#### Data extracted from a collection
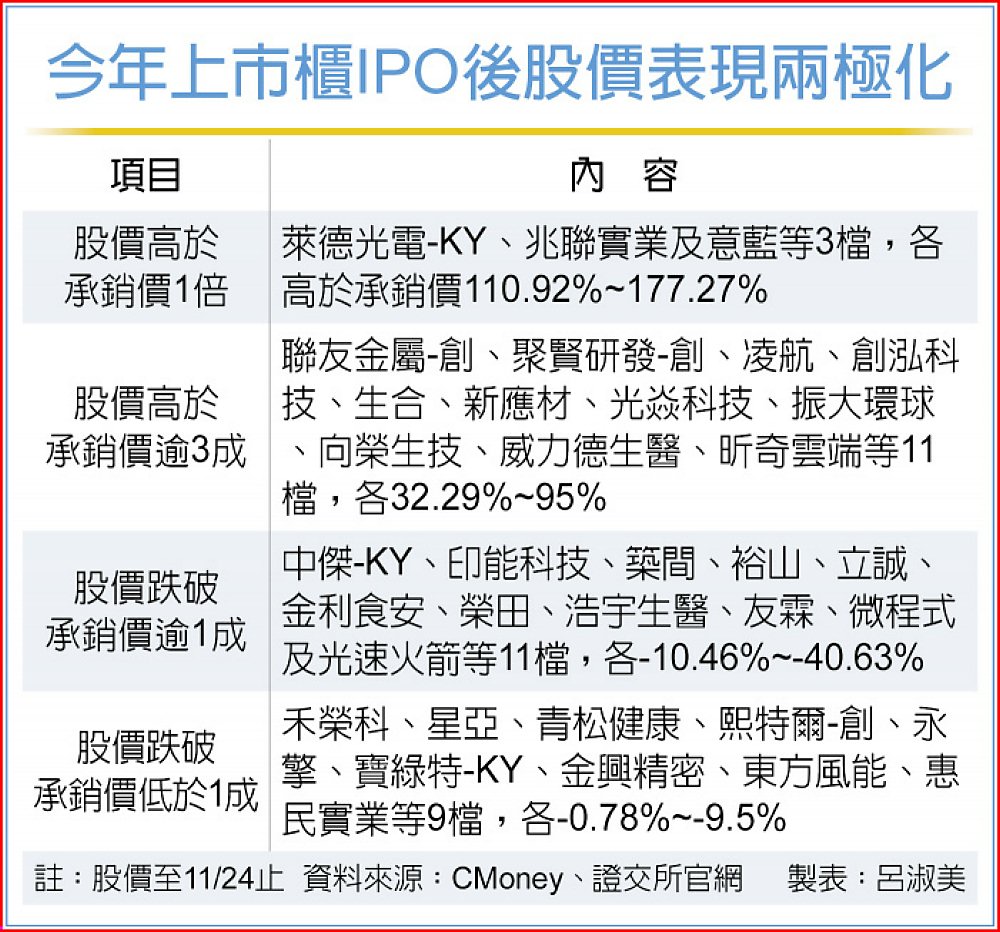 從上市櫃IPO後股價表現來看,今年愈早掛牌股,股價愈可享受蜜月期,愈後面跌破的機率相對高;此外,上櫃股及上市的創新板股,股價飆得更強悍,多數仍維持在承銷價之上。
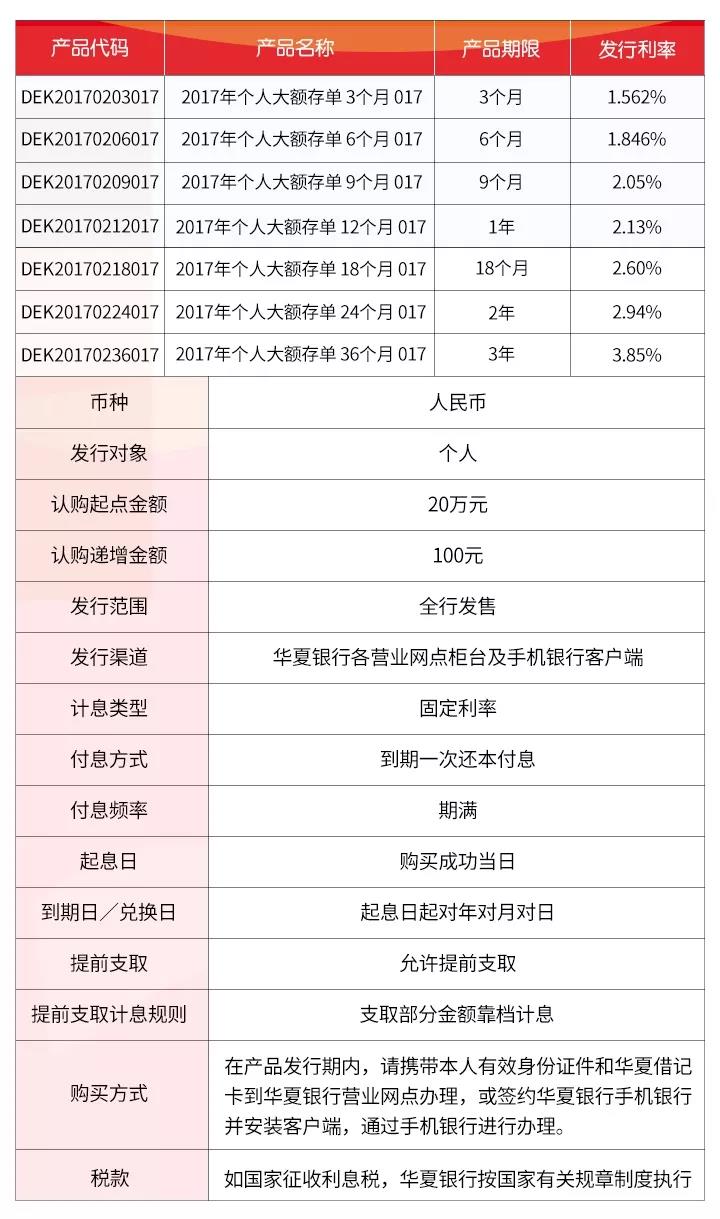 由于上述原因未能自動兌付的大額存單,到期日之后的逾期時段按照實際支取日華夏銀行掛牌活期存款利率計息。根據(jù)相關(guān)業(yè)務(wù)規(guī)定存款人可本人或委托他人華夏銀行網(wǎng)點柜面辦理到期人工兌付,相關(guān)手續(xù)同認購部分。
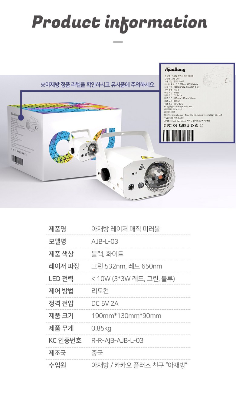 | 품명 및 모델명 | 상품 상세페이지 참조 | KC 인증정보 | 상품 상세페이지 참조 |
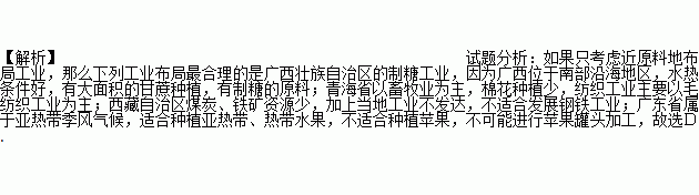 C. 钢铁工业﹣西藏自治区 D. 苹果罐头加工业﹣广东省
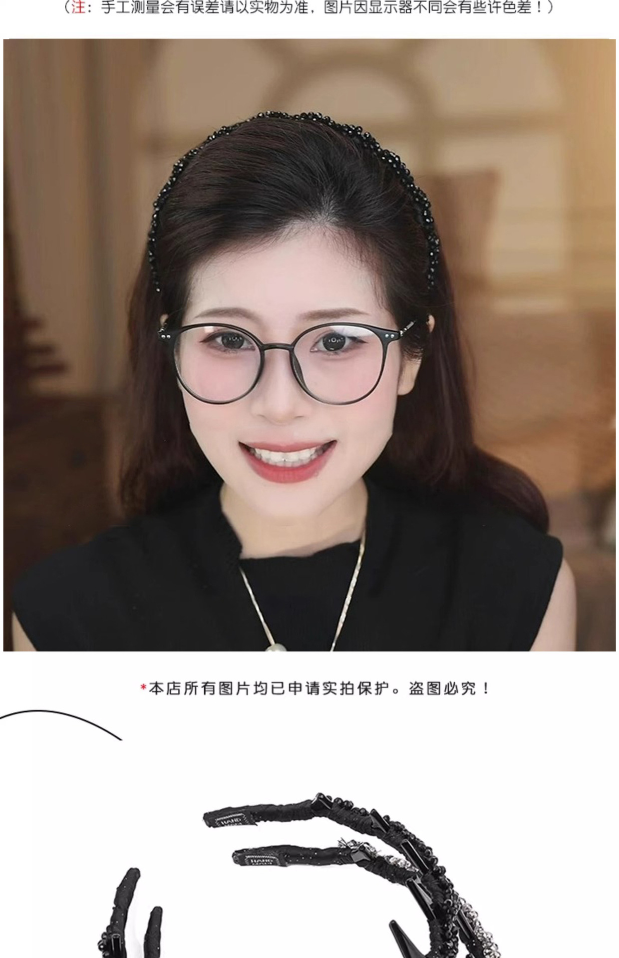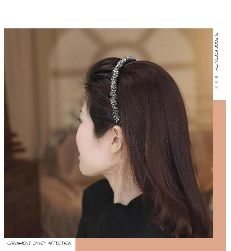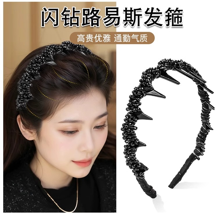 High-end cuentas negras brazalete para mujeres 2025 nuevo lujo ligero de alta presión craneal brazalete dientes antideslizante lavar la cara tarjeta de pelo

#### TASK DETAILS
The entries above should be reproduced exactly, without their pictures.

#### ANSWER SPACE
 從上市櫃IPO後股價表現來看,今年愈早掛牌股,股價愈可享受蜜月期,愈後面跌破的機率相對高;此外,上櫃股及上市的創新板股,股價飆得更強悍,多數仍維持在承銷價之上。
 由于上述原因未能自動兌付的大額存單,到期日之后的逾期時段按照實際支取日華夏銀行掛牌活期存款利率計息。根據(jù)相關(guān)業(yè)務(wù)規(guī)定存款人可本人或委托他人華夏銀行網(wǎng)點柜面辦理到期人工兌付,相關(guān)手續(xù)同認購部分。
 | 품명 및 모델명 | 상품 상세페이지 참조 | KC 인증정보 | 상품 상세페이지 참조 |
 C. 钢铁工业﹣西藏自治区 D. 苹果罐头加工业﹣广东省
 High-end cuentas negras brazalete para mujeres 2025 nuevo lujo ligero de alta presión craneal brazalete dientes antideslizante lavar la cara tarjeta de pelo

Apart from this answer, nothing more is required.